Как быстро в сознании творческого человека проносятся разные фантазии и литературные видения. Может быть, лишь несколько секунд или минута потребовались Сане, чтобы разделаться с давней загадкой психологов и литературоведов. Да и он ли все это решил? Здесь, в этом доме, стены такие, что не позволяют ни душе, ни сознанию лениться. Подскажут и подведут к решению. Есть ли вообще в Москве еще подобные дома? Есть, конечно, местечки, которые обросли вечными вопросами. Но уж на Лубянку, в Кремль, в ведомства Кудрина и Чубайса пусть лезут другие любители. <…>
<…> Любовь Сани к кафедре общественных наук связана с еще одним обстоятельством. Он давно привык при осмотре помещения утром или даже вечером, когда сотрудники уже разошлись по домам, закусывая чем‐нибудь вкусненьким, оставшимся от профессорского застолья, обязательно любопытствовать, что за рукописи оставлены на столах. Для общего развития. Будто берешь в библиотеке книгу, которую все время перехватывали у тебя из‐под носа другие. Здесь безнадзорно лежат такие увлекательные студенческие курсовые, такие замечательные работы аспирантов по эстетике, такие новаторские рефераты по древней Греции или Междуречью, что просто зачитаешься. Вбираешь в себя эти сливки и сгустки мыслей и тут же умнеешь. Саня любит здесь повышать свой культурный уровень. Вот и сейчас, держа в одной руке бутерброд с семгой, а в другой кусок «Птичьего молока», он пробегает взглядом по столешницам и на столе лаборантки кафедры Валентины Ивановны, уже немолодой женщины, вечно что‐то читающей, вместо того чтобы вовремя составлять ведомости или перепечатывать экзаменационные билеты, спотыкается почему‐то о раскрытую, но лежащую обложкой вверх книжку со странным названием: «С гурьбой и гуртом…» Автор — П. Нерлер. Саня опрометчиво подумал: «С чего бы это Валентина Ивановна занялась животноводством? Про выпасы читает, о гуртах». Перевернул книгу — и… Сразу бросилось в глаза: «Сов. секретно». Разве возможно в молодом любознательном возрасте пройти мимо такого начала?

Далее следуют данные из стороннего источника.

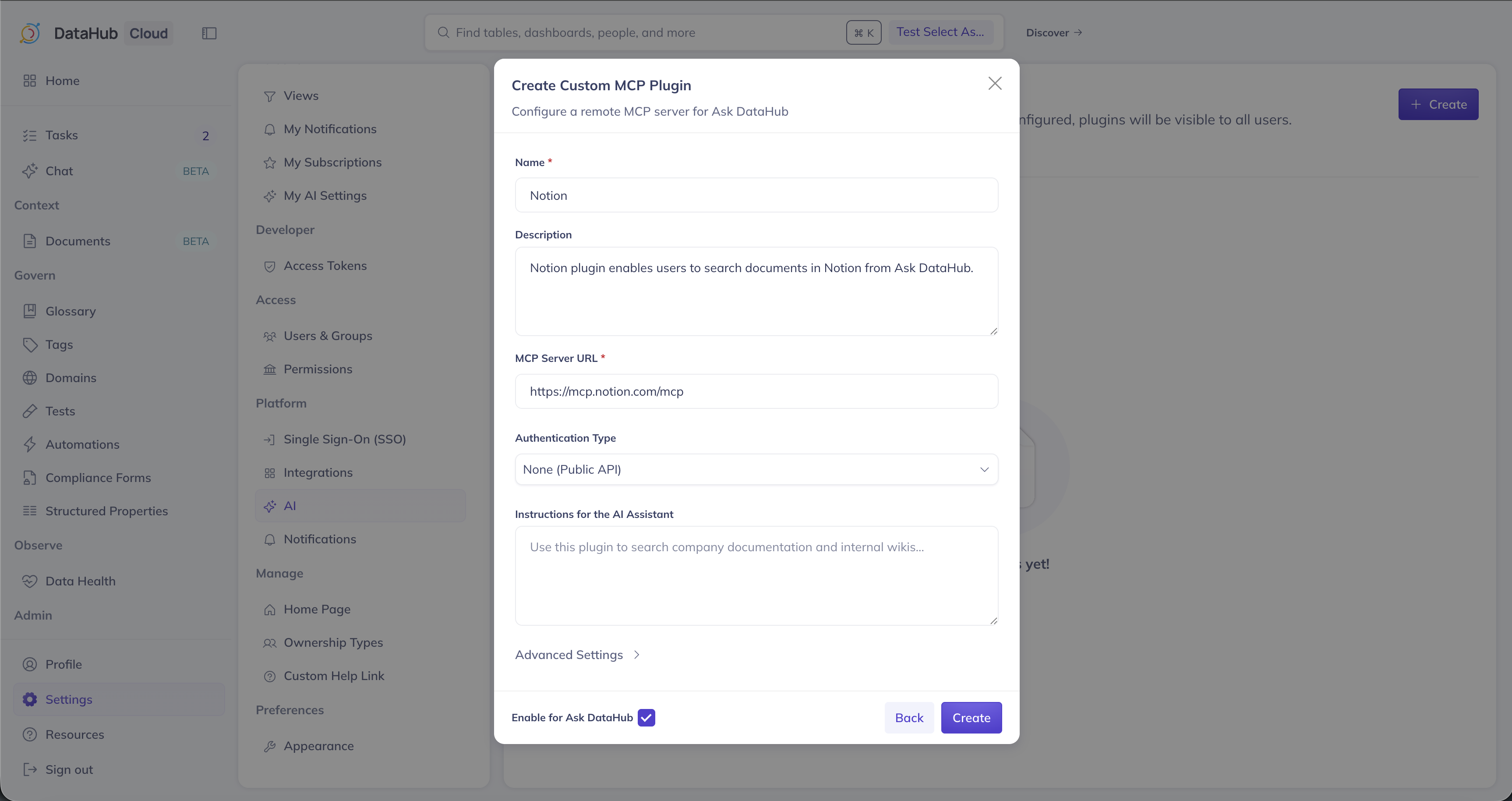 | Instructions for the AI Assistant | Custom instructions fed to Ask DataHub when using this plugin (optional) |
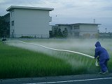 何をしているところかわかりますか? 都会育ちの人にはわからないでしょうね。これ、田んぼに農薬を撒いているところです。ホースを二人で持って、田んぼを横切る。一人がコンプレッサーを背負っており、ホースには農薬入りの空気が送り込まれている。ホースには穴がありそこから農薬が噴出される。そういう仕組みです。年に2回ほど見る光景です。
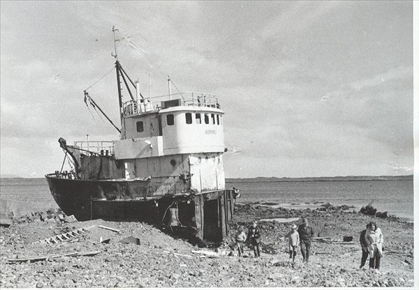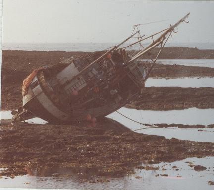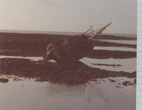 Hér koma þrjár myndir sem ég tók af bátnum í febrúar 1980, eftir að hann hafði strandað í Sandgerði.
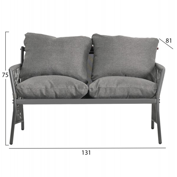 Το DEANDRA είναι ένα κομψό και απόλυτα ισορροπημένο σετ εξωτερικού χώρου που συνδυάζει σύγχρονη αισθητική με ανθεκτικά υλικά υψηλών προδιαγραφών. Ο σκελετός από γαλβανισμένο χάλυβα σε ΓΚΡΙ απόχρωση προσφέρει αυξημένη αντοχή στη διάβρωση και σταθερότητα, ενώ η επένδυση με σχοινί στο ίδιο χρώμα χαρίζει φυσική υφή και διαχρονική κομψότητα.

Но дальше шло еще занятнее: «Союз писателей СССР. 16 марта 1938 года. Наркомвнудел тов. Ежову Н. И.» Кем был Ежов, Саня знал. Сердце у него полно и мощно застучало. Это было редчайшее попадание в десятку: уже на второй строке письма высветилась фамилия Мандельштама. Что, на ловца и зверь бежит? Возможно, здесь подошла бы и какая‐нибудь другая пословица — слишком уж много сегодня Саня думал об Осипе Эмильевиче. Но почему книжка к его приходу на кафедру оказалась открытой именно на странице с самым подлым за все время существования человечества и писателей письмом? Тут не без чертовщины!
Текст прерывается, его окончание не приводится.